Unintentional bumps and how to avoid them: The “ups and downs” of Gimbal and Steadicam

From small vibrations and vertical movements to sudden shocks and concussions: There are several possibilities to smoothen your video shots. Gimbal and Steadicam – which one is the right for you?

Let’s be honest: Movies without camera movement tend to be boring. However, many filmmakers hesitate to use camera movements: They cause inevitable vibrations during the shoot, especially when filming free-handed.

Clever engineers have developed solutions for smoothening unintentional movements. Two of the more sophisticated systems are called Gimbal and Steadicam – but how do they work and what are pros and cons? And which one should you use for your movie projects?

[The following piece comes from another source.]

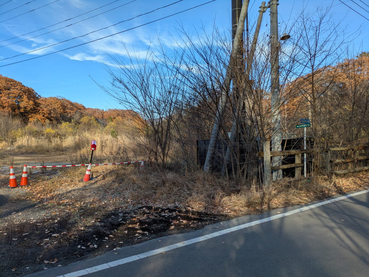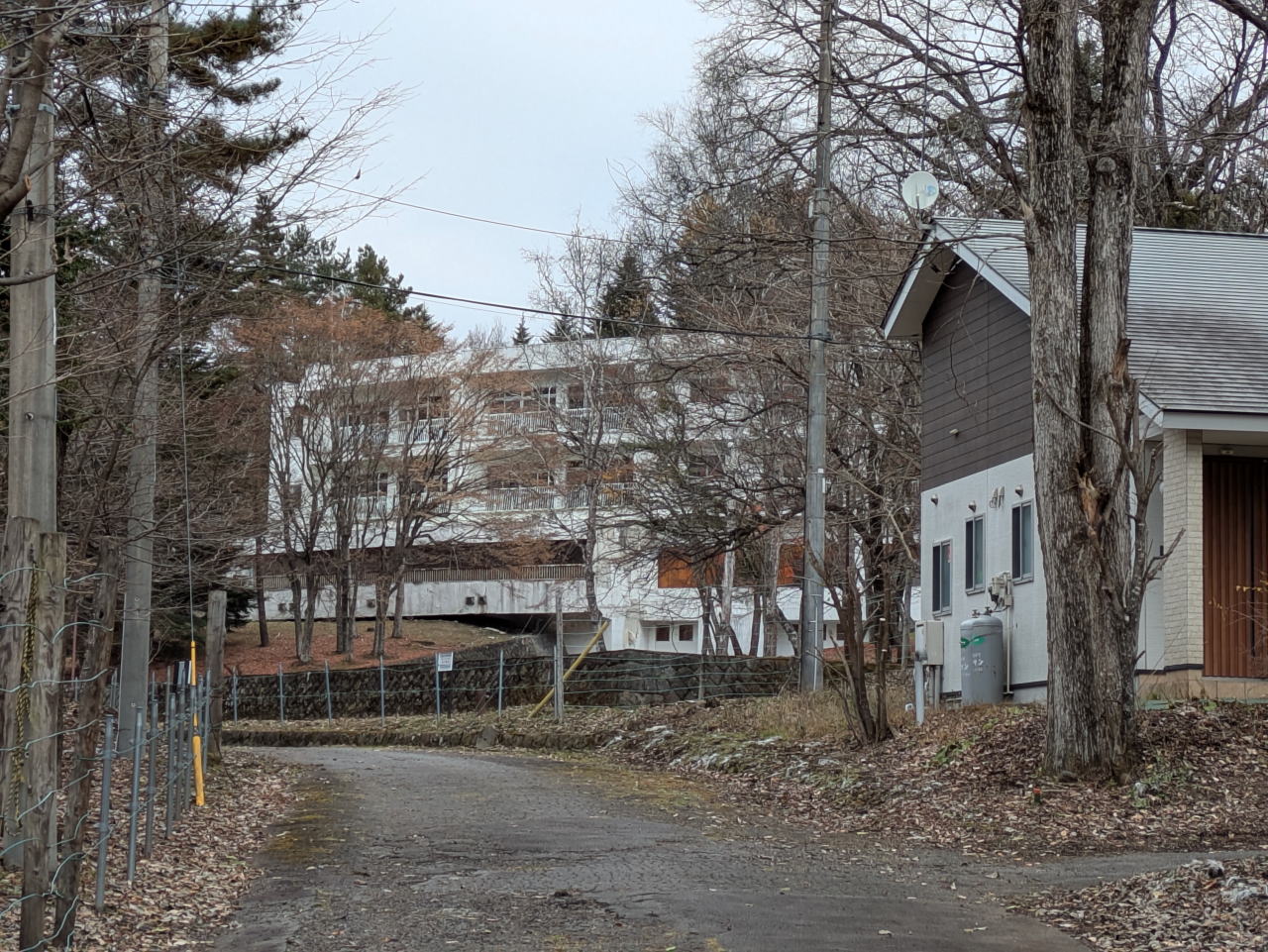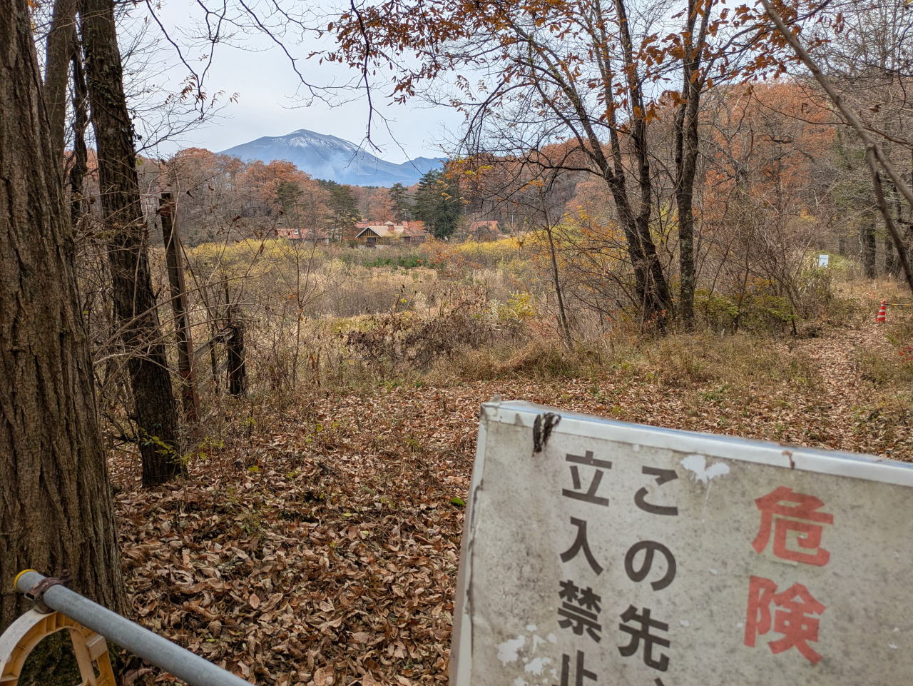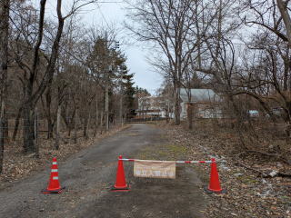 | 大学村よりさらに奥の別荘地あった。立入禁止となっていてこれ以上近寄ることはできない。この場所へ来る前の道路もアスファルトではあるものの全く整備されていない感じで、デコボコだし落ち葉も積もり放題。人の気配がある別荘もあったけどゴーストタウンの様相だった。 |

Gimbal: Handy and affordable

The Gimbal is a comparably small and light solution: The camera is mounted on a stick, and the magic happens in the pivot that links this stick with the camera. Small electrical motors will automatically balance the camera in all horizontal axes.

This makes the Gimbal a relatively easy-to-use, out-of-the-box and reliable equipment that can be used almost instantly with a maximum of freedom. It smoothens out most of your unintentional movements when following your protagonists by foot or walking through your scenery.

Is the Gimbal the right choice for me?

Even though Gimbal is a clever and compact solution, it requires a little exercise to get used to – it is easy to learn, but hard to master. Gimbal is also definitely the solution which provides more freedom, thanks to its compact design. Last but not least, Gimbal is on the smaller side of the budget, starting at about 150 USD.

However, there is one big downside: Gimbal does not smooth out bigger vertical movements. Walking will still result in swinging shoots. This is where Steadicams come in …

Steadicam: The allrounder

Whereas the Gimbal can be held in one hand, Steadicam solutions are literally all-embracing: The camera is mounted on a flexible, counter-balanced arm with electrical motors which automatically smoothens any movement along the vertical and the horizontal axes to a maximum. Just as in an office lamp, springs reinforce the steadiness. Walking, turning and any sudden movement is compensated, even climbing stairs results in a nice and steady flow.

However, physical and financial investment are considerable:

  • The Steadicam is buckled on the torso, therefore the weight on the entire solution including the camera will rest on the spine of the cameraman.
  • Steadicam solutions are expensive. They start at around 400 Dollars.
  • Compared to the compact grip of a Gimbal, the transportation of a Steadicam can be quite a hassle.

When to use a Steadicam

The Steadicam is THE ultimate solution in situations where dolly, crane or drone cannot be used. Using a Steadicam will result in smooth and stable tracking shots across uneven grounds – something that dollies simply cannot provide.

However, the sheer size of a Steadicam will prevent you from using it in smaller spaces. And be aware that the usage of a Steadicam needs quite some experience and know-how in handling – as well as some muscles.

There is no winner, just the right choice

A comparison of Steadicam and Gimbal is like comparing apples and oranges. Both are solutions for the same problem – but they are completely different in features, price, size and handling.

For most filmmakers, a Gimbal will be the right choice in almost every situation. Its accessible and flexible usage will make their videos instantly better. Directors with ambitious high-profile projects might want to have a look at the near-perfect ironing of the Steadicam – however they should have in mind that they not only need the equipment, but also an experienced and strong person to take advantage of it. Luckily, there are Steadicam-seasoned cameramen for rent in most major cities across the US.